Лица их казались милыми и привлекательными, однако их нездоровая бледность и резко выделявшаяся неправильность черт препятствовали возможности назвать их красивыми. Тем не менее лица эти, так же, впрочем, как и лицо Шарлотты, были отнюдь не лишены своеобразного обаяния, значительная часть которого у младших дочерей гавортского пастора, как и у их старшей сестры, исходила от глаз — живых, блестящих, выразительных. Именно глаза — несколько раскосые, словно у молодых газелей, мягкого светло-коричневого оттенка и красивого глубокого разреза, обрамленные длинными черными ресницами — делали сестер Бронте поразительно похожими друг на друга и составляли неоспоримую гордость каждой из них. Гордость эта неизмеримо усиливалась у них сознанием того факта, что бездонные газельи глаза достались всем троим по наследству от их покойной бабушки Элис Мак-Клори, матери достопочтенного Патрика Бронте, которая в свое время слыла первой красавицей ирландской округи.

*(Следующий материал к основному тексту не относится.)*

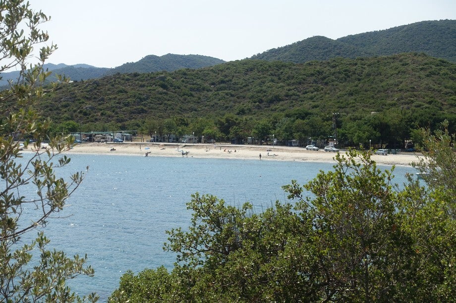 Om iets meer van Sithonia te zien zijn we gisteren verhuisd naar een camping 40 kilometer naar het zuiden, camping Melissa vlakbij het strand van een baai met prachtig blauw water.

— Чем же вы занимались в мое отсутствие, милые сестрицы? — спросила Шарлотта, словно бы внезапно пробудившаяся от волшебных чар.
— Да так, ничем особенным. Всякими глупыми пустяками, — попыталась уклониться от ответа Энн.
Вскоре, однако, все разъяснилось. Покуда старшая Бронте училась в Роухедской школе, младшие сестры, всецело поглощенные собственным воображением, пребывали в новой вымышленной ими же самими фантастической стране, которую они нарекли Гондалом. Эмили и Энн разбили Гондал на несколько независимых королевств и населили каждое королевство множеством жителей самого различного социального положения и рода занятий.
И вот с того дня, как пылкое, порывистое Воображение девушек вызвало к жизни Гондал и гондалцев, их прелестные создательницы с небывалым дотоле воодушевлением ежечасно вновь и вновь уносились, подгоняемые неистово-разгоряченной Фантазией, к заветному побережью, на север Тихого океана. Здесь, среди величественных суровых скал и диких угрюмых ущелий, под низко нависшим свинцовым небом легендарного Гондала, развертывались временами самые бурные и кипучие первозданные страсти — в духе лихих, захватывающих гомеровских сказаний. Жители воображаемой страны регулярно совершали военные набеги на соседние королевства, отважно сражались с врагами, отчаянно томились в темницах, а также попадались в коварные любовные сети.